Nothing was broken when the Scorpio Tankers president got done, but a few things were badly bruised, including the green-lending protocols known as the Poseidon Principles.

While there once were dire predictions about what might become of tanker owners under the carbon emissions-driven principles, it has not quite worked out that way for companies riding the crest of a years-long market boom that has seen them accelerate repayment of debt.

“We’ve gone from famine to feast: we were second only to offshore as untouchables,” Bugbee said as he sat beside lenders from DNB and First Citizens Bank.

“Now things have changed. They’re trying to touch and feel us all over. Now there’s a surplus of lending to tanker companies”

The traditional lending crowd are virtually stumbling over each other in the race to lend to bigger public companies with fortress balance sheets, he noted.

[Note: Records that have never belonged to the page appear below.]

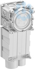 Geräte-Verbindungsdose, speziell für die liegende Werksfertigung, 1-teilig, Durchmesser 60mm Ø, 4 Schraubdome mit Schraubabstand 60mm, kombinierbar, geeignet auch für Gegenschalung, kombinierbar im Normabstand 71mm, mit Schutzart IP30, Bemessungsisolationsspannung: 400V AC, zertifiziert durch VDE (DIN EN 60670-1/-22 (VDE 0606-1/-22)), halogenfrei, mit zusätzlich erweitertem Anschlussraum für Installation von RuK- und IuK-Komponenten gemäß Empfehlung der DIN 18015-1, so wie zur Aufnahme von Aktoren/Sensoren/Devices im Bereich Smart Home/IoT, kombinierbar auch mit der P71 GVD Type, zusätzlich Krallenbefestigung möglich, feste Rohreinführungen für je ein M25 und M32 Rohr, 4 weitere Einführungen mittels optionaler Rohradapter RA von M16 bis M25, Klebebefestigung, Integrierte Rohradapter und zusätzliche Rohradapter mit Easy-Cut-Membran, Dichtbereich M16-M32, stützholmfähig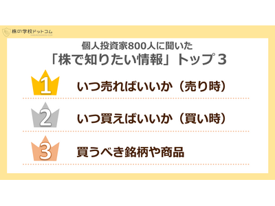 受講者数90万人を突破したオンライン株式スクール「株の学校ドットコム」(運営会社:株式会社トレジャープロモート、東京都千代田区、代表取締役社長:瀬川 丈)では、全国の個人投資家800人を対象に、株式投資にあたってどんな情報を知りたいか、また、どんなことに悩んでいるのかについてアンケート調査を実施しました。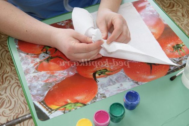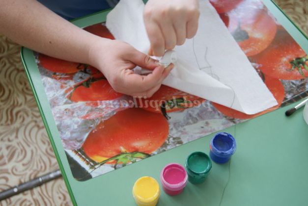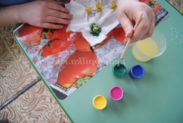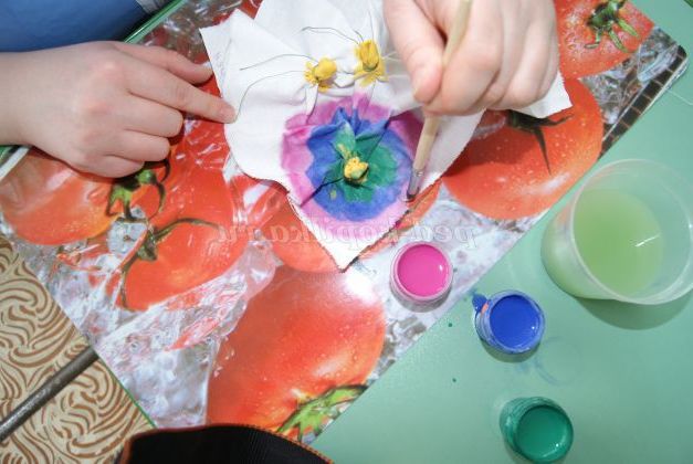 3. Починаємо розпис. Розфарбовуємо спочатку вузлик. Пензлик і тканина мочимо водою якомога більше, від цього залежить розтікання фарби і, як наслідок, краса закінченої роботи.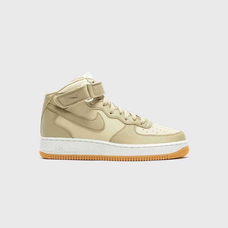 - DV7585 200 - Limestone/Limestone-Rattan-Summit White - One of Nike's most iconic models done up in it's mid-cut iteration with some special materials - Limestone & rattan premium leather upper - Limestone nylon tongue with "NIKE AIR FORCE 1" tongue tag - Limestone leather swoosh - Limestone leather heel cap with embossed "NIKE AIRE" branding and ankle strap for additional support - White rubber midsole with encapsulated "AIR" unit in the heel - Gum rubber outsole - Classic flat laces

Bugbee was just getting warmed up. When moderator Anthony Renzi of Vedder Price raised the subject of carbon emissions’ influence on ship finance, it felt like an underhand pitch.

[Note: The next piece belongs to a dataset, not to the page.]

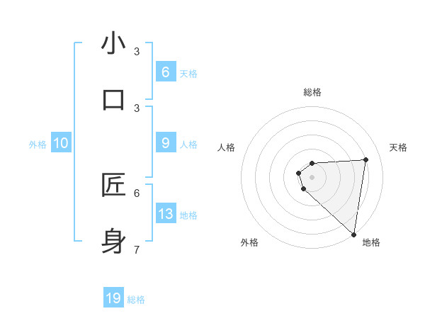 小口 匠身さんの地格は13画の5点!

“The banks are talking a great game and they need to talk a great game on the environment,” Bugbee told him.

“But it’s the dollars that matter.Poseidon is fantastic, it’s brilliant. But it’s nothing. If the banks can get away with the talk without paying much for it, that’s brilliant. The banks will lend to those people where they can make money. The only way you’re going to deal with the green thing is with stricter regulation and enforcement.”

The only other shipowning executive on the panel – Doran LPG chief financial officer Ted Young – jumped in at that point, sarcastically noting the “very generous” five basis points reduction his company recently was granted by lenders for achieving carbon-reduction targets.

“It’s really not much. Sorry guys,” Young said, turning to lenders Andrew Shohet of DNB and Evan Cohen of First Citizens.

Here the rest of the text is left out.